“Good biscuits!” Adair MacKenzie bit off a piece of their lightness the evening the present story opens. They were all sitting at the Sherwood dinner table. There he sat, chewing reflectively, as he glanced down the table at young Nan.
“So you helped crown the good queen,” he remarked, “And it didn’t go to your head. You’re a good lass. You Blakes,” he turned to Mrs. Sherwood now, “were always a bunch of modest creatures. That’s why I like you. Now, Bessie there,” he pointed to Bess who had stayed for dinner, “she’s not so modest, but she’s kind and loyal. She’s a little spoiled, but she’ll get by.”
Bess blushed all shades of the rainbow at Adair’s frankness. Used to being babied and somewhat pampered at home, his outspokenness troubled her. She felt strangely like crying. Nan caught her eye and smiled encouragingly. Mrs. Sherwood patted her hand beneath the tablecloth. And Alice, well, Alice was a dear, for she turned the conversation toward school, and both Nan and Bess utterly forgot themselves in telling of the horse show in which they had both taken part during the last week at school.
“So you think you can ride, eh?” Adair MacKenzie was secretly pleased at both of the young girls. “Well, we’ll see. I’ll put you each on a Mexican mule and let you try to climb a mountain and see what happens.” He chuckled at the thought.

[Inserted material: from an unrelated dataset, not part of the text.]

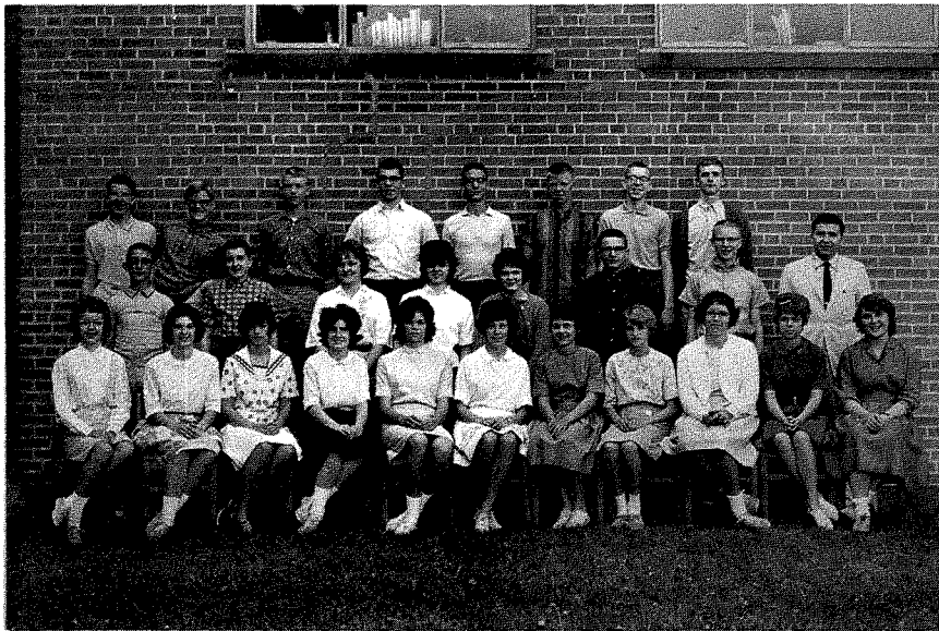
HOME ROOM 206

Alice laughed merrily at this. “Well, you’ll never get me on one,” she vowed. “Once was enough. Instead of the mule pulling me up the narrow path, I pulled the mule up. I never worked harder in my life.”
“Oh, my sweet, you never worked at all.” Adair shook his finger at his daughter. “But you’ll work this summer—if that old housekeeper of ours keeps her resolution not to go down to that dirty hole which we call a hacienda. The words are hers,” he explained to Nan and Bess.

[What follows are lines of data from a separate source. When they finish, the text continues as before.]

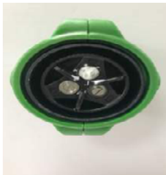
Nozzle #1 (Dirty)

Example below: Nozzle #1 (Dirty) & Nozzle #2 (Clean). Nozzle #1 has not been properly cleaned after being used. When not properly cleaned, residual chemical deposits build up on the sprayer nozzle. Deposit build-up results in decreased bar pressure and decreased spray patterns. The recommendation is that a full tank of water is sprayed through the unit after every few days of use to rinse any residual chemical build-up to reduce the chance of blockage.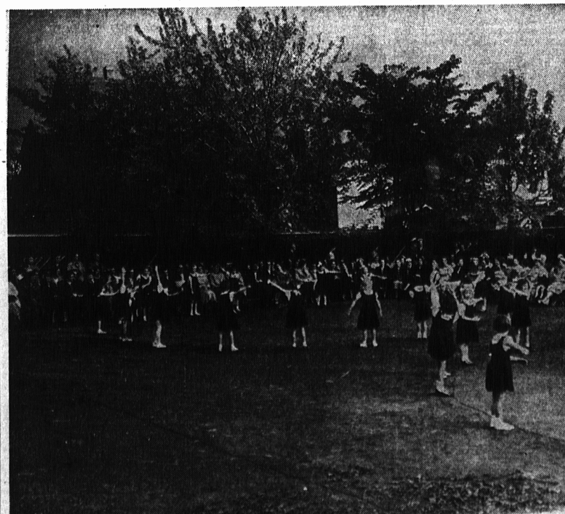
Play gymnastics are demonstrated by pupils of Grade I during a physical education showing at Rochford Square School this week. It was the first such public display of teaching school children various movements involved in a physical education program.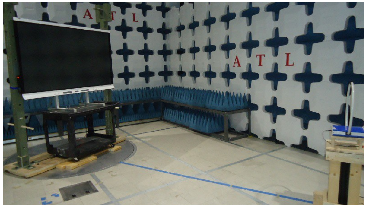
Figure 1.1 - Test Setup - Side View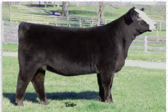
TNGL GLIMMER C860 - DAM OF LOT 151 PREGNANCY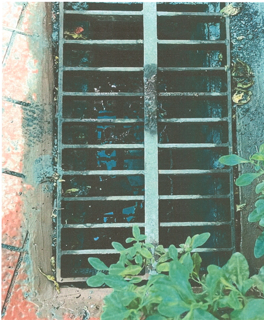
Thane Municipal Corporation Storm Water Drainage line

Tel.: 9967589008 • Email : avgcollegeoflaw@gmail.com

“She once, when she was a very young girl, spent a summer on a sugar beet farm here in the north. A lot of Mexicans worked on it. They were miserably treated and poorly paid. As a result their huts were like hovels. She saw some of them and now she says that wild horses couldn’t drag her into that country down there. She’d rather see me starve first. But I’ll get her yet.” Adair MacKenzie smiled as though he liked opposition. “I’ll show her who is boss,” he ended.
“Of course you will, daddy,” Alice agreed. “But now tell us, when are we going? How long are we going to stay? And whom have you invited?”
This last question put Adair MacKenzie in a corner and he knew it. Really, a very kind and extremely impulsive soul, when he went on these summer jaunts for pleasure he was apt to go about for weeks, inviting all his friends. As a result, no matter how large the house was he rented, it was always too small, and no matter what preparation Alice made for guests, they were always inadequate.
Now, as he sat thinking, a mischievous light came into his eye. “There is only one that I’ve invited,” he teased, “besides these girls that will interest you.”